The principal raison d'être for this website is so that I can play around with web programming technology. Which goes some way towards excusing its weedy content. These pages summarise some of the goings-on behind the scenes. None of this is highly sophisticated—I'm only a hobbyist dabbler—but some of the tips and tricks might be of interest.
All of the techniques discussed here are actually in use on my webpages here or other pages I have built. All the examples are real examples. That's why I hope they will be useful to you. These pages are not intended to be a comprehensive source of information on the techniques discussed: there are much better sources of that, some of which I try to link to in the Links section.
I have been an almost daily user of the World Wide Web since about 1993, and an Internet user before that. As I write that is a timespan of over a decade: short by human standards, but several generations for the Web. Over that time I have seen dozens of browsers come and go, revision after revision of the HTML specifications, and any number of new webpage technologies and proprietary browser extensions.

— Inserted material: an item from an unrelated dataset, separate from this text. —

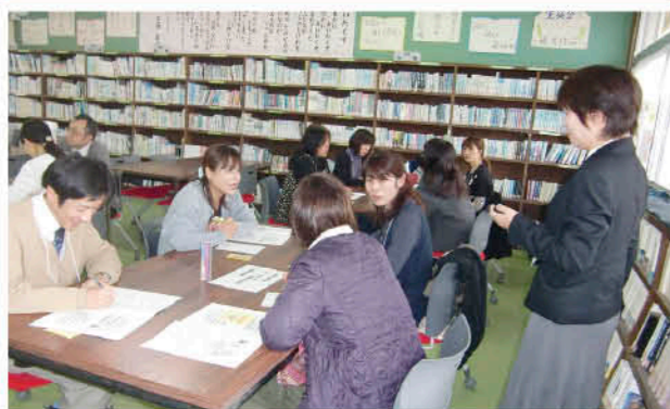
楽しくグループワーク

お互いを大切にしながら良好な対人関係を築くために日置市行政出前講座が、11月20日、吹上中学校家庭教育学級で行われました。

The prejudices which pervade these pages arise from this long exposure to the Web, and the frequently frustrating and challenging experience surfing has now become. So, my first obsession is with web standards. My second is a corollary of the first, a drive for accessibility.
I talk about this a little more on the XHTML and CSS2 pages and the Javascript pages. XHTML is a version of HTML heavily influenced by XML, which is where the future of the standards-based web seems to lie, so I've put some notes on working with XML on the XML page.

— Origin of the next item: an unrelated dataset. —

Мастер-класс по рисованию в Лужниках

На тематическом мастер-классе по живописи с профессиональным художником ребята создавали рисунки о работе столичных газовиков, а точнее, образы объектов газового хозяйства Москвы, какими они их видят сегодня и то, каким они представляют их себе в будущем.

HTML and CSS are fine for delivering static content to peoples' web-browsers. It's much more fun, however, to generate web pages dynamically.
Some of my pages are dynamically generated for trivial reasons: the date stamp in the title of the "who am I?" page changes with each access; the title of my homepage changes according to whether you access it as www.edginet.org or ben.edgingtonfamily.org.

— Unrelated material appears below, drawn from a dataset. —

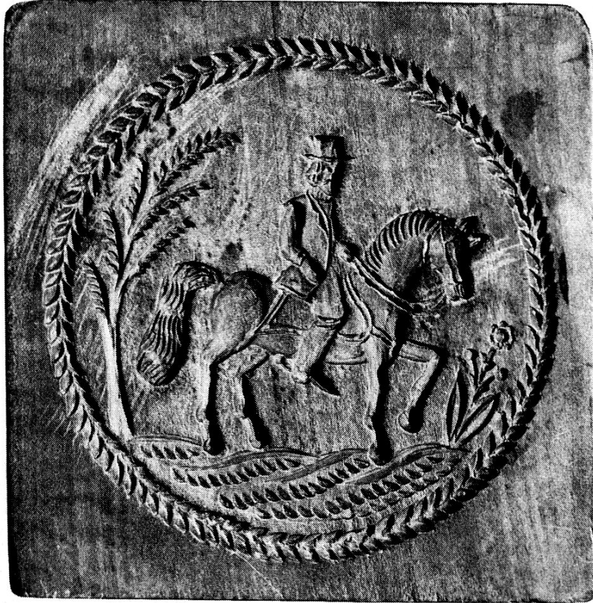
Reitersmann zu Pferd

aber auch als Ornament dem Reichsadler. Erste Erwähnungen des verzierten Appenzeller Bibers fand ich aktenmässig im 16. Jahrhundert. In einem Mandat von 1597 verbot die Obrigkeit von Appenzell Innerrhoden Spiele aller Art, vor allem auch das «piperzelten abschlahen» 5 ). Es muss sich dabei um ein Spiel von Kindern gehandelt haben,

Some of my pages are dynamically generated for easy maintenance. The What's New list appears on the homepage as well as having a more comprehensive page of its own. Rather that maintain the list separately on each page I create a single list which is read by the scripts that generate each page. My sermon pages are dynamically generated to make adding a new sermon as straightforward as possible. The page you are reading is dynamically generated so that I can include the title, index, navigation, footer etc. on each of pages without duplicating all the code. In fact, the page-index is automatically generated for even easier maintenance (see the server-side XSLT section for details).
Some of my pages are dynamically generated because they do interesting things not possible with static HTML. The M'Cheyne Bible Calendar is the most sophisticated script on the site, with output that changes daily. The HTTP header viewer processes a form and returns the result. And although it would be possible to implement the GIF-server statically it would require over 100 million individual files, occupying some ten gigabytes of disk space. A single 2835 byte Perl script seems a sensible alternative 8^).
For more about generating dynamic content have a look at the Perl and PHP or MySQL pages for starters.